What if the surface is not perpendicular to the field?

Consider surface \(S_2\) of area \(A_2\) inclined at angle \(\theta\) to the \(xz\)-plane, with projection \(S_1\).

The areas are related by \(A_2 \cos\theta = A_1\).

The flux through \(S_2\) is \(\Phi = EA_1 = EA_2 \cos\theta\).

The relationship \(N \propto EA_1\) shows that electric flux is directly proportional to the number of field lines crossing a surface. When the surface is inclined, fewer field lines effectively pass through it. The \(\cos\theta\) term accounts for this angular dependence.

6.1 Electric Flux: Area Vector

To simplify flux calculations, we introduce the area vector (\(\vec{A}\)).

• Magnitude: Equal to the area (\(A\)) of the surface.
• Direction: Along the normal (\(\hat{n}\)) to the surface (perpendicular to the surface).

For an open surface, the direction of \(\vec{A}\) needs to be chosen consistently.

Figure 6.5: Direction choices for the area vector of an open surface.

The ambiguity in the direction of the normal for an open surface means we must define a convention and stick to it. This becomes clearer when we discuss closed surfaces.

6.1 Electric Flux: Closed Surfaces

For a closed surface, the area vector \(\vec{A}\) (or normal vector \(\hat{n}\)) is defined to point outward from the enclosed volume.

This provides a unique and consistent direction for flux calculations through closed surfaces.

Figure 6.6 (b): Outward normal for a closed surface.

For a uniform electric field (\(\vec{E}\)) through a flat surface with area vector \(\vec{A}\):

\[\Phi = \vec{E} \cdot \vec{A} \quad \text{(uniform } \vec{E}, \text{ flat surface)}\]

The outward normal convention for closed surfaces is crucial for Gauss’s Law, as it relates the sign of the flux directly to the sign of the enclosed charge. This formula is essentially the dot product definition for a constant electric field and a flat surface.

6.1 Electric Flux: Non-Uniform Fields & Curved Surfaces

For non-uniform electric fields or curved surfaces, we divide the surface into infinitesimally small patches.

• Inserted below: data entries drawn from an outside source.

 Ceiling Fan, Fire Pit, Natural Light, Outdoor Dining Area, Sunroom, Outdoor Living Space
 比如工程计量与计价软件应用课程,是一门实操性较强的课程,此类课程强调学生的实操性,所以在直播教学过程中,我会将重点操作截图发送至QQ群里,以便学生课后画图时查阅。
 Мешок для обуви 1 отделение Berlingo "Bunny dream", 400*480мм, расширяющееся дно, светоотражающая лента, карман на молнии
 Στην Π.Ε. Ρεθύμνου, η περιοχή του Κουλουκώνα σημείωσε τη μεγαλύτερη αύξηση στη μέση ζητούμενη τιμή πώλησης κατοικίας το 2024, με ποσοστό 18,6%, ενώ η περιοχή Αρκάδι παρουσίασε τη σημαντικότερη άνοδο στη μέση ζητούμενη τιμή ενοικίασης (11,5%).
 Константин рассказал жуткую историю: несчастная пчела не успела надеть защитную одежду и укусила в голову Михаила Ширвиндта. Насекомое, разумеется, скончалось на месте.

Each patch has an area vector \(d\vec{A} = \hat{n}dA\).

The flux through an infinitesimal patch is \(d\Phi = \vec{E} \cdot d\vec{A}\).

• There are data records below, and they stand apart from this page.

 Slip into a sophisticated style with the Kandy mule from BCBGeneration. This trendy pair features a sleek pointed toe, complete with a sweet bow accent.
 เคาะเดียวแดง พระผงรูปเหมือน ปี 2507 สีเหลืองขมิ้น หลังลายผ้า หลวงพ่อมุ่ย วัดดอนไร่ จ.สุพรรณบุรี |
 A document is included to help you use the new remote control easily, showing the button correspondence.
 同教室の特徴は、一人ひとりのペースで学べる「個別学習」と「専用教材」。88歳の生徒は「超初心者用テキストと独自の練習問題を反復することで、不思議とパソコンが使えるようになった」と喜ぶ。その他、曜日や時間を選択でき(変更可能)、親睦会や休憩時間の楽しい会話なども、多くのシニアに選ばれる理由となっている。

The total flux is found by integrating over the entire surface:

\[\Phi = \int_S \vec{E} \cdot \hat{n} dA = \int_S \vec{E} \cdot d\vec{A} \quad \text{(open surface)}\]

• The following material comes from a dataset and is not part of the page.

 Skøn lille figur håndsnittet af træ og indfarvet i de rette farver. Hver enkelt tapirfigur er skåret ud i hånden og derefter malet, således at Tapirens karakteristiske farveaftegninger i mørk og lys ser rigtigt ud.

For a closed surface, the integral symbol includes a circle:

\[\Phi = \oint_S \vec{E} \cdot \hat{n} dA = \oint_S \vec{E} \cdot d\vec{A} \quad \text{(closed surface)}\]

This integral formulation allows us to calculate flux for any general case. The small circle on the integral sign for a closed surface is a conventional notation to remind us that the integration is performed over a complete boundary.

6.1 Electric Flux: Example 6.1

Flux of a Uniform Electric Field

A constant electric field of magnitude \(E_0\) points in the positive \(z\)-axis direction.

What is the electric flux through a rectangle with sides \(a\) and \(b\) in the:

1. \(xy\)-plane?
2. \(xz\)-plane?

Figure 6.9: Flux through a rectangular surface.

Strategy: Apply \(\Phi = \vec{E} \cdot \vec{A}\).

Solution:

1. For the \(xy\)-plane, \(\vec{A} = (ab)\hat{k}\).

\(\Phi = (E_0\hat{k}) \cdot (ab\hat{k}) = E_0ab\).

2. For the \(xz\)-plane, \(\vec{A}\) is along \(\hat{j}\) or \(-\hat{j}\).

\(\Phi = (E_0\hat{k}) \cdot (ab\hat{j}) = 0\).

Significance: Relative orientation matters significantly.

In part (a), the electric field lines are perpendicular to the surface, so the maximum flux passes through. In part (b), the electric field lines are parallel to the surface, meaning no lines pierce it, resulting in zero flux.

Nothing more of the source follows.